• _PROVIDED MATERIAL_

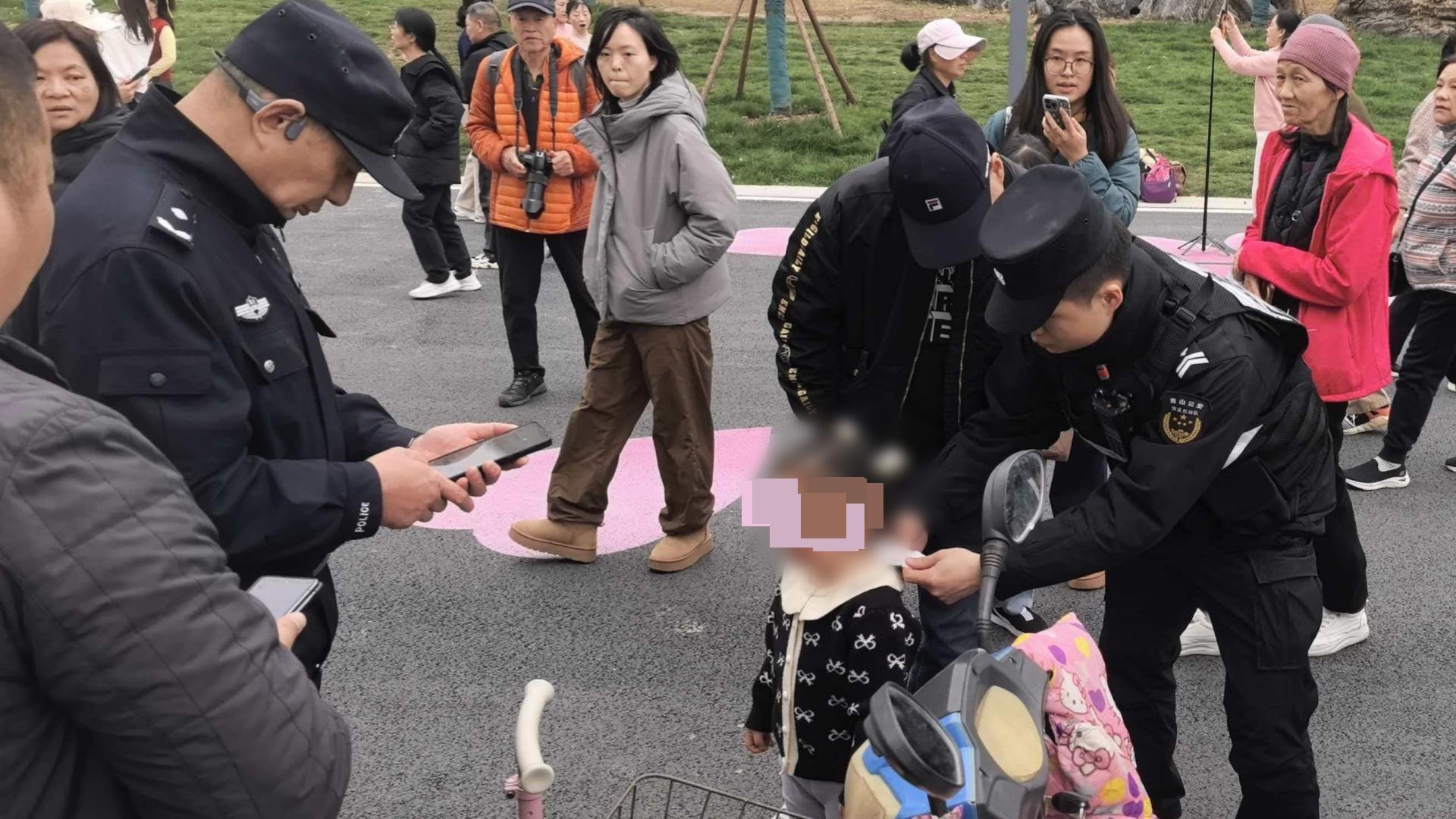 “小朋友不哭,叔叔带你找妈妈。”3月19日傍晚,巡特警大队民警曾勇、辅警王天龙、阮胜钧、裴伟在樱花大道巡逻时,发现一名三岁女童与家人走散,正在路边哭泣。民警、辅警立即上前温柔安抚,将孩子抱至安全区域,并迅速联动第三警务站展开搜寻,很快联系上孩子母亲,核实身份后,民警将孩子平安交还。
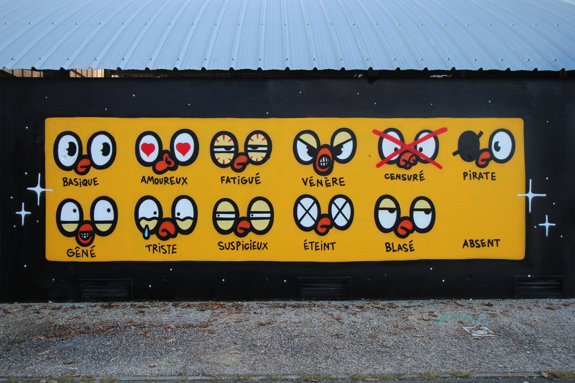Dans ces lieux comme dans d’autres, il met en scène son animal totem dont, avec les années, les traits ont évolué : il a maintenant une forme arrondie et dodue et des couleurs caractéristiques jaune et orange. Cet animal vit ainsi de nombreuses aventures et sa naïveté, ses imperfections, ses maladresses font de lui un personnage enfantin, attachant et attendrissant.
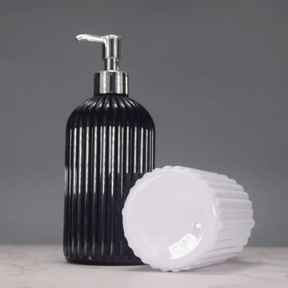 El Botella cilíndrica clásica de vidrio a rayas para desinfectante de manos es una solución premium y personalizable diseñada para hoteles de lujo, alojamientos en casas particulares y establecimientos de alta gama. Con una capacidad de 400 ml, esta botella ofrece un diseño sofisticado y resistente embalaje opción ideal para desinfectantes de manos. Su exclusivo diseño a rayas y su forma cilíndrica aportan un aspecto elegante a la vez que aprovechan al máximo el espacio. Está fabricado con vidrio de alta calidad y se puede personalizar con acabados pintados con aerosol, lo que lo hace perfecto para entornos profesionales.

• _WHAT YOU ARE ASKED TO DO_
Drop the pictures and reproduce the rest of the data above exactly.

• _ANSWER TO THIS EXERCISE_
 “小朋友不哭,叔叔带你找妈妈。”3月19日傍晚,巡特警大队民警曾勇、辅警王天龙、阮胜钧、裴伟在樱花大道巡逻时,发现一名三岁女童与家人走散,正在路边哭泣。民警、辅警立即上前温柔安抚,将孩子抱至安全区域,并迅速联动第三警务站展开搜寻,很快联系上孩子母亲,核实身份后,民警将孩子平安交还。
Dans ces lieux comme dans d’autres, il met en scène son animal totem dont, avec les années, les traits ont évolué : il a maintenant une forme arrondie et dodue et des couleurs caractéristiques jaune et orange. Cet animal vit ainsi de nombreuses aventures et sa naïveté, ses imperfections, ses maladresses font de lui un personnage enfantin, attachant et attendrissant.
 El Botella cilíndrica clásica de vidrio a rayas para desinfectante de manos es una solución premium y personalizable diseñada para hoteles de lujo, alojamientos en casas particulares y establecimientos de alta gama. Con una capacidad de 400 ml, esta botella ofrece un diseño sofisticado y resistente embalaje opción ideal para desinfectantes de manos. Su exclusivo diseño a rayas y su forma cilíndrica aportan un aspecto elegante a la vez que aprovechan al máximo el espacio. Está fabricado con vidrio de alta calidad y se puede personalizar con acabados pintados con aerosol, lo que lo hace perfecto para entornos profesionales.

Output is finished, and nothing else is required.